George Thomas Regas (Greek: Γεώργιος Θωμάς Ρεγάκος; November 9, 1890 – December 13, 1940) was a Greek American actor.

Biography
Regis was born in the village of Goranoi near Sparta, Greece, the brother of actor Pedro Regas. He was a stage actor in Athens before coming to the United States. In New York City he played Romeo in a Grecian version of Romeo and Juliet.

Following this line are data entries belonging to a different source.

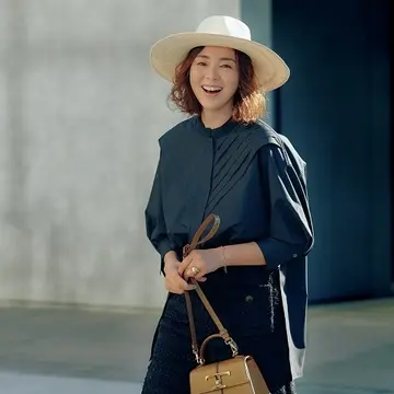 シャツワンピース/上と同じ ニット¥25,300/ビームス ハウス 丸の内(スローン×デミルクス ビームス) パンツ¥29,700/エイチ ビューティ&ユース(ロエフ) 帽子¥33,000/ドゥロワー 丸の内店(ヴァンパルマ) ピアス¥29,700・ブレスレット¥77,000/マリハ バッグ¥198,000/エリオポール代官山(ザンケッティ) 靴¥29,700/アマン(ペリーコ サニー)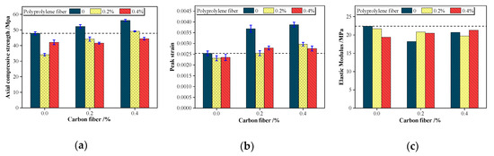 Stress–strain characteristic values for LWAC reinforced with carbon and/or polypropylene fiber: (a) axial compressive strength; (b) peak strain; (c) elastic modulus.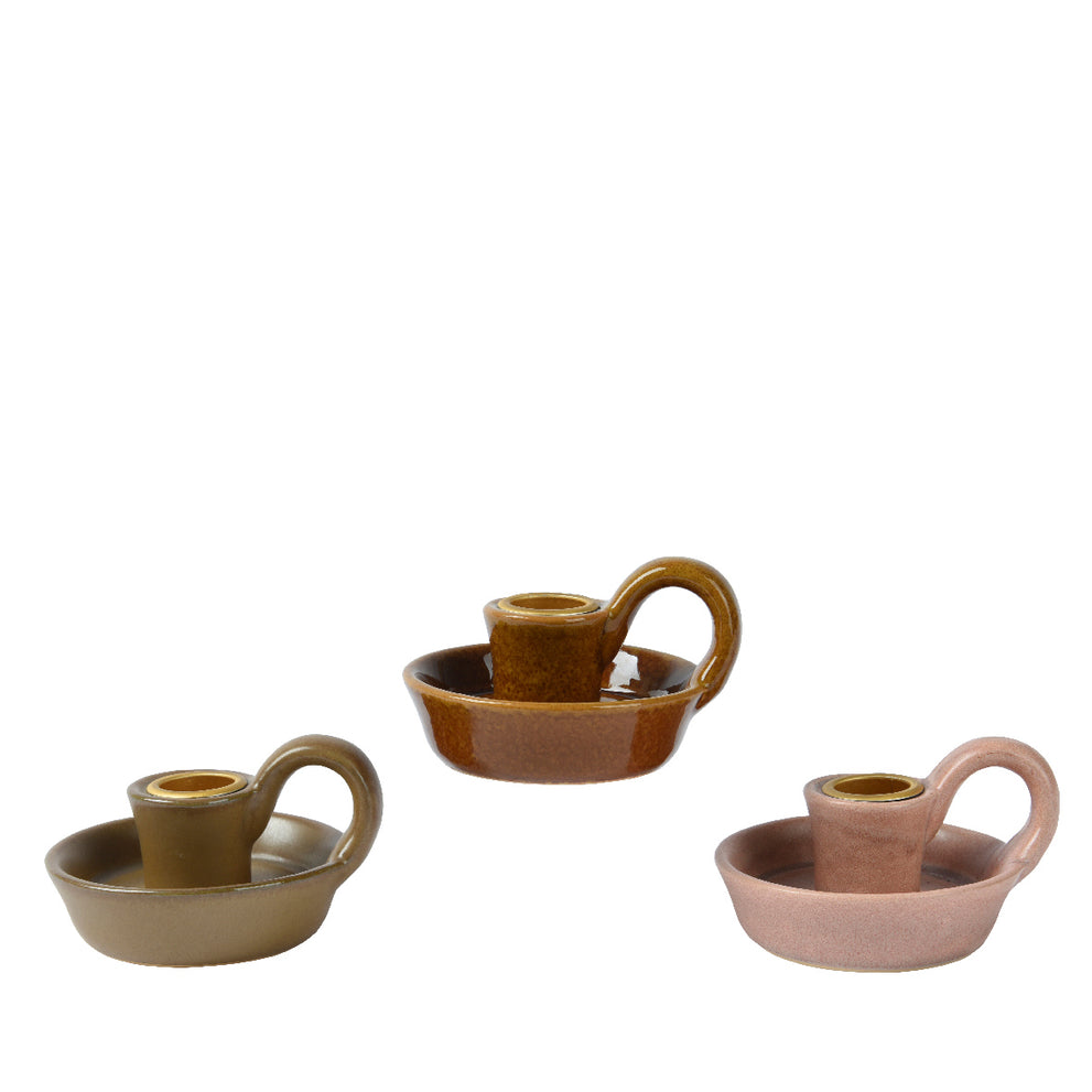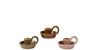 Porzellan-Kerzenhalter + Henkel 9,5x8,5x6cm rosa/taupe/terracotta 3er-Set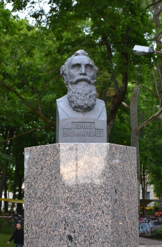 바사나비츄스 거리가 시작하는 맞은편 도로변에 이 길의 이름을 낳게 만든 바사나비츄스(Basanaviciaus, 1851~1927)의 흉상이 있다. 아, 바사나비츄스는 19세기말에 리투아니아 최초의 신문인 아우슈라(Ausra) 창간에 일조하는 등 민족문화의 기틀을 잡았을 뿐만 아니라 리투아니아의 독립운동을 주도하기도 한 인물인데, 리투아니아 사람들은 그를 리투아니아의 아버지(國父, Patriarch of Lithuania)라고 부르고 있다. 때문에 바사나비츄스란 이름의 거리는 비타우타스 대로의 경우와 마찬가지로 리투아니아 어느 도시를 가도 만날 수 있다.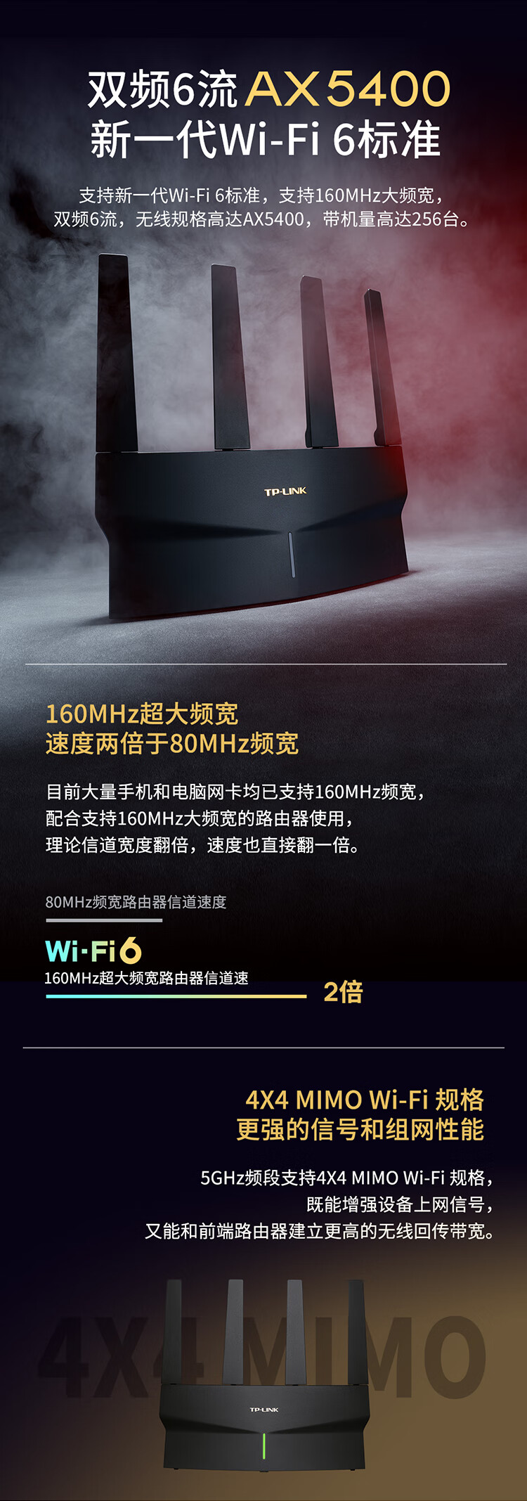 普联/TP-LINK AX5400 路由器 千兆无线路由器 WiFi6 5G双频高速网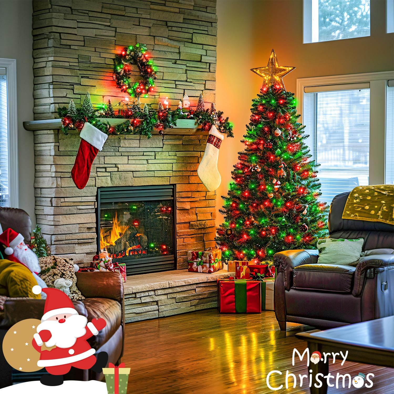 - 【Red and Green Christmas Lights】Our Outdoor Christmas decor lights use higher brightness LED bulbs, while the plug power supply greatly improves the stability of the bulb brightness, making each of our LED bulbs shine 360 degrees, providing you with a constant crystal clear glow! These Plug in Twinkle lights are very warm, soft, and non-dazzling, adding a classic and charming glow to your Christmas decorations.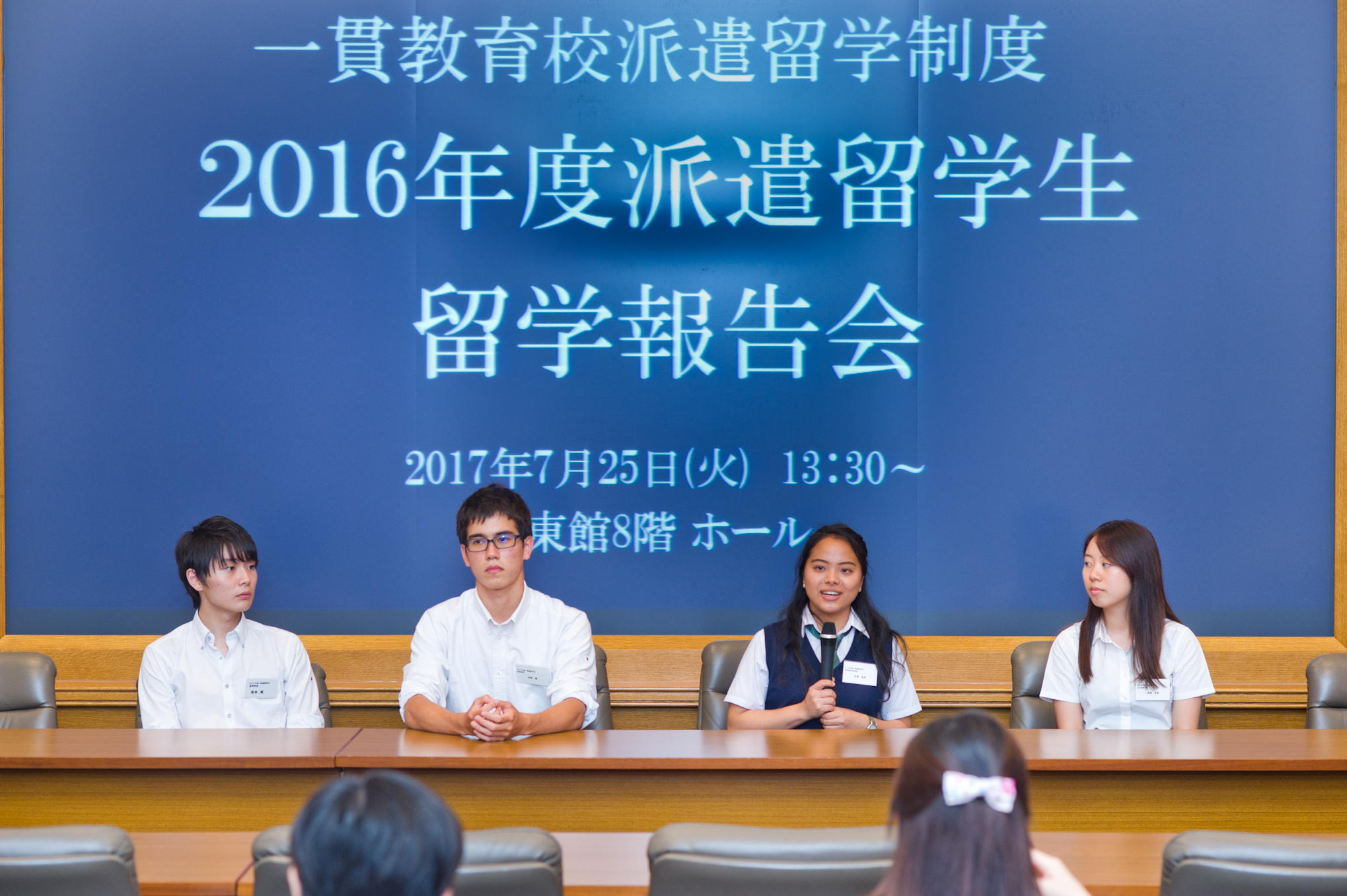 7月25日(火)、三田キャンパス東館にて、慶應義塾一貫教育校派遣留学制度による2016年度派遣留学生の留学報告会が開催されました。

In 1921, Regas acted in his first motion picture, The Love Light with Mary Pickford. This film was produced by Pickford's production company. He would go on to create character roles in over one hundred films. His rugged looks and Mediterranean complexion allowed him to play a wide variety of nationalities in action and adventure films. He was married to actress Reine Davies, the sister of Marion Davies. He starred as Mateo in The Adventures of Sherlock Holmes (1939).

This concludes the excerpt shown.